Lui la guardò. — Fa male — disse.
Lei gli passò un braccio attorno e gli posò la testa sulla spalla.
— Lo so che fa male, Lou. Lo so.
Un altoparlante dal soffitto annunciò: — La trasmissione speciale delle fotografie scattate dalla missione Starfarer avrà inizio tra cinque minuti.
Bonnie si raddrizzò, diede rapidamente un’occhiata a Lou, poi si voltò per aprire la porta.
Si sedettero uno vicino all’altro sul divano letto, l’unico posto in cui fosse possibile sedersi in quell’ambiente troppo piccolo, e rivolsero l’attenzione allo schermo sulla parete opposta alla porta. Sentirono la voce di Kori che spiegava le varie immagini, e ammirava le stelle, le miriadi di stelle. Rividero Alpha Centauri, ammirarono il grosso pianeta verde e giallo con le sue nuvole candide.
Improvvisamente, Lou scattò in piedi, gridando: — Le stelle! Ecco la via di scampo! Le stelle!
Gli pareva che una maschera pesante gli fosse caduta dagli occhi.
Bonnie era in piedi, accanto a lui, con gli occhi sgranati per la sorpresa. — Che cosa c’è, Lou? Cosa c’è che non va?
Lui l’afferrò, la sollevò da terra e la baciò.
— Le stelle, Bonnie! È questa la nostra via di scampo, il nostro scopo. Invece di rimanere qui, in esilio, potremo andarcene! Dritto verso le stelle! Questa prigione sarà la prima nave spaziale dell’umanità!
XXI
— Assolutamente impossibile — disse il dottor Kaufman.

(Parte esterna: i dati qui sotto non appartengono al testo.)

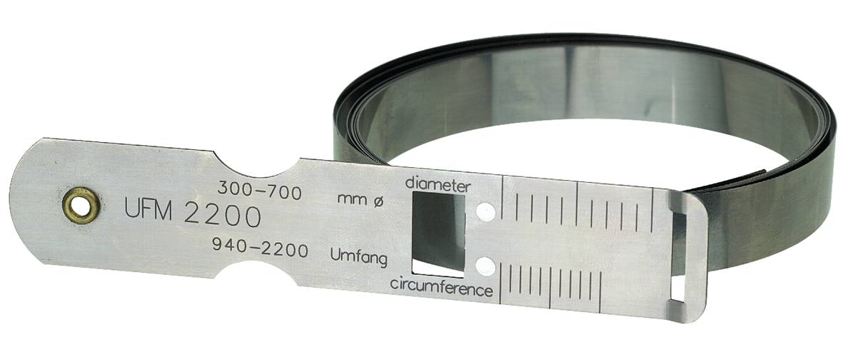 For precision measuring of circumferences and diameters. Manufactured of stainless steel. The tape has double scales for simultaneous reading of circumference and diameter, plus vernier scale for 0.1 mm resolution.

Lou era in piedi, in fondo al tavolo delle riunioni, nello studio di Kaufman. Kori gli era seduto accanto. I membri del Consiglio mostravano tutti i vari tipi di emozione: dallo scetticismo pensoso al disprezzo più scoperto.
— È assolutamente impossibile! È la proposta più assurda che abbia mai sentito — continuò il dottor Kaufman.
Lou si controllò. — Perché dici così? Il progetto è tecnicamente possibile.
— Trasformare l’intero satellite in una nave spaziale. Dargli un’accelerazione pari a quella dello Starfarer, se non di più? Sciocchezze!
— Con i motori a fusione che siamo in grado di costruire — disse Kori, — è possibile accelerare questa sequenza di ruote e farle raggiungere Alpha Centauri in meno tempo dello Starfarer. Dopo tutto, lo Starfarer è stato lanciato due generazioni fa, e si trattava di una nave primitiva rispetto a quello che siamo in grado di produrre adesso.
— Le vostre riprese, però — disse Mettler, uno degli europei membri del Consiglio di Kaufman, — hanno dimostrato che i pianeti di Alpha Centauri non sono sufficientemente simili alla Terra per servirci da nuova patria.
— Siete fuori strada — ribatté Lou. — L’importante è che Alpha Centauri abbia dei pianeti. La stella di Barnard ha anche lei dei pianeti, e sono stati visti dalla Terra. Tra le stelle più vicine, sette hanno pianeti, e uno di essi, con tutta probabilità, è abbastanza simile alla Terra, per essere adatto a noi.
— Sì, lo so. Comunque, ci vorrà un secolo se non due, per scoprire un pianeta identico alla Terra.